В комнату проникнул теплый поток нового воздуха и осколок света коридорной лампы — это Август бесшумно открыл дверь и вошел, сначала не обратив внимания на девушку, которая пронизывала натяжной потолок серьёзным взглядом. Она неспешно привстала на локтях, осмотрела безучастным взглядом полуголого парня и молча всматривалась в его лицо, что оказалось не так просто в полуосвещенном помещении.
— Что ты забыла в моей комнате? — Август был рассержен, но получив равнодушное «уже не помню», его кольнула рассеяность, и она же на пару мгновений заставила приоткрыть рот. — Уходи.
Элинор очнулась то ли от анализа, то ли от воспоминаний, еще раз торопливо оглядела друга детства, а на нем, оказывается, было только полотенце, так ненадежно державшееся на бедрах!
— Ой-ой, — девушка спешно слезла с кровати, прикрыла глаза ладонью и проскользнула в уголок комнаты, как напуганная мышка. — А, постой!
Она вдруг вспомнила, что искала.
— Мне нужно одеяло. Точно, именно за ним я пришла.
— Черт, Элинор, ну серьезно, — он раздражённо потер лоб, — оно есть в твоей комнате.
— Нет! — девушка неловко кашлянула, прошла дальше к выходу, — то есть. да, но…
— Но?
— Оно слишком горячее… гхм, — Элинор прикусила язык, посмотрев на торс парня, — из-за него ночью будет слишком жарко… ну, одеяло, оно зимнее, понимаешь?
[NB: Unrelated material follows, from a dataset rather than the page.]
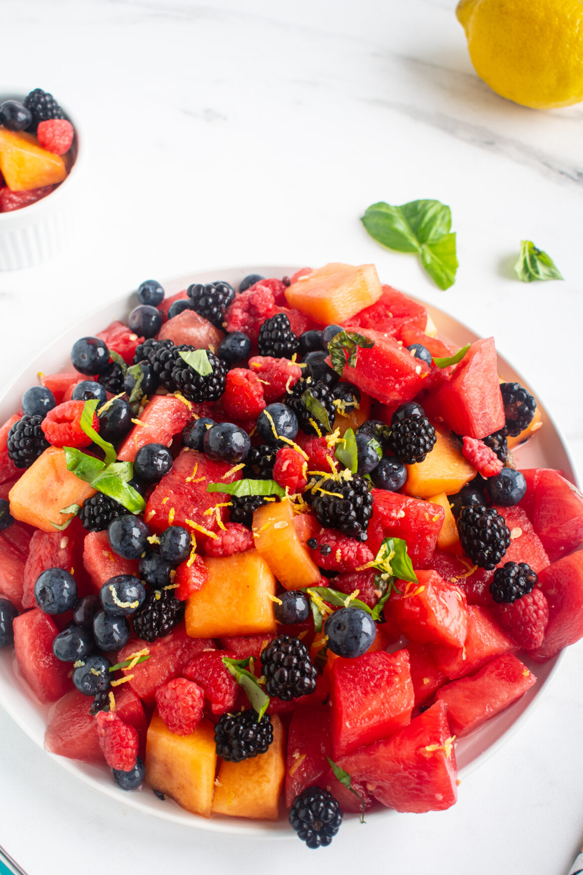 Combine the cubed watermelon, cantaloupe, blackberries, blueberries, and raspberries in a large mixing bowl.

Август едва сдерживался, чтобы не засмеяться, Элинор — чтобы не покраснеть еще сильнее.
— Подойди и возьми.
Невидимое кольцо растерянности и стеснения сомкнулось на шеи девушки.
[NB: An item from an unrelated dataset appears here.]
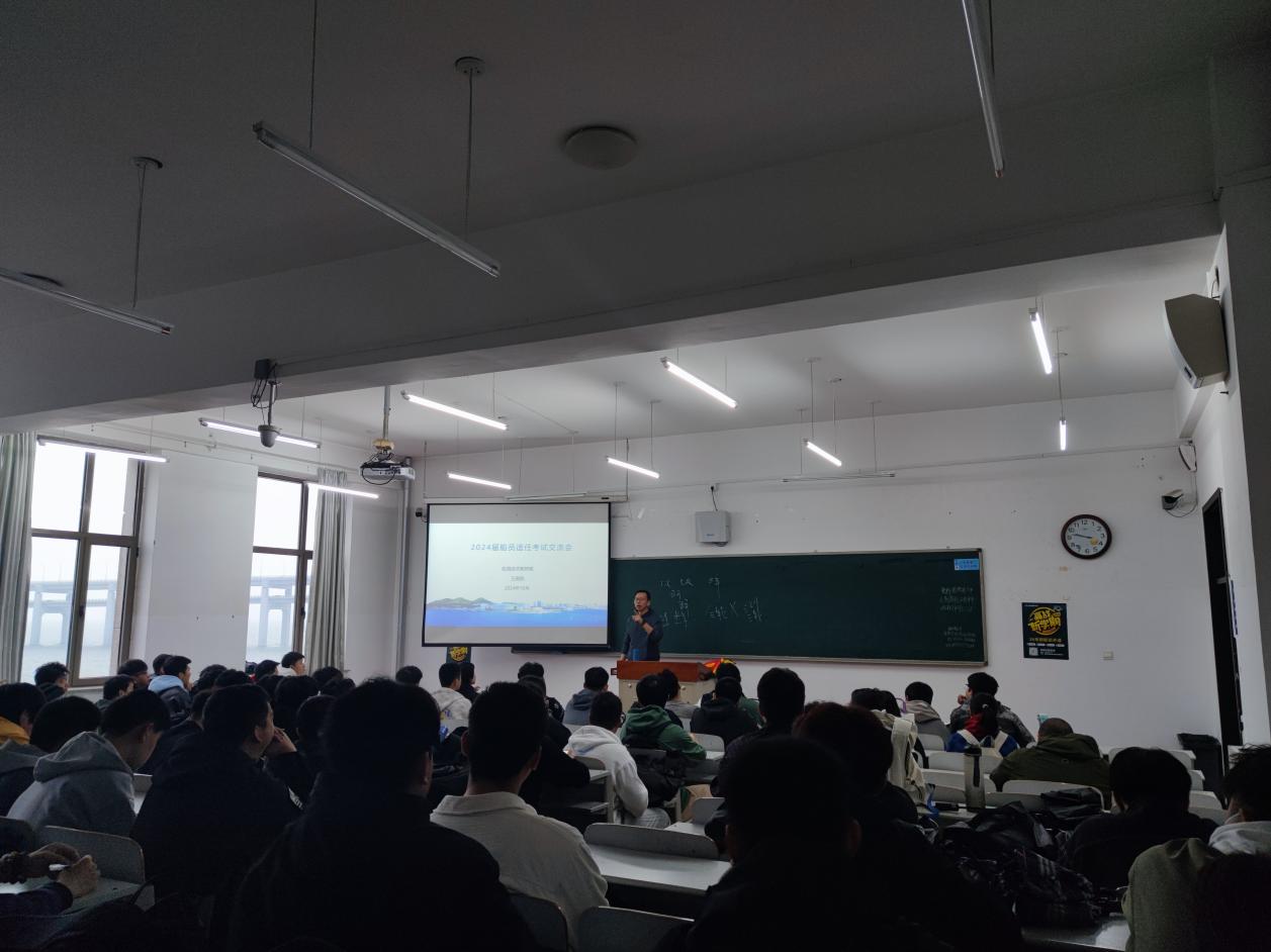 会上王庸凯老师对海员适任考试进行了详细的讲解,本次讲座涵盖了船员适任证书考试的多方面内容。王庸凯老师为同学们明确了考试的有关规定,详细阐述了考试次数、时间安排以及报名条件与报名方式,为有意愿参加考试的人员提供了准确的指南。

— К-кого? — подняв брови, уточнила она.
— Одеяло, Элинор, — Август сверкнул взглядом в сторону комода. — Там, на нижней полке.
Трудно было представить, как хотелось ей провалиться под землю от стыда, когда она, доставая это злосчастное летнее оделяло, чувствовала насмешливый взгляд и тень самоуверенной улыбки на своей спине. «Одна надежда — алкогольное утреннее забвение», — мысленно заключила девушка, тихо пробубнив «спасибо» на пороге.
«Итак», — подумала она, как только оказалась в кровати, тем самым хотела подвести черту всего, что случилось за весь день, но мысли никак не собирались в одну картину, словно пазлы от разных изображений. От всех этих «итогов» стало тошнить еще сильнее, и Элинор уже думала не о том, как переварить факт, что Август — это тот самый Огастус, а как переварить алкоголь, мучающий ее рассудок и тело. Она все-таки заснула, но ненадолго.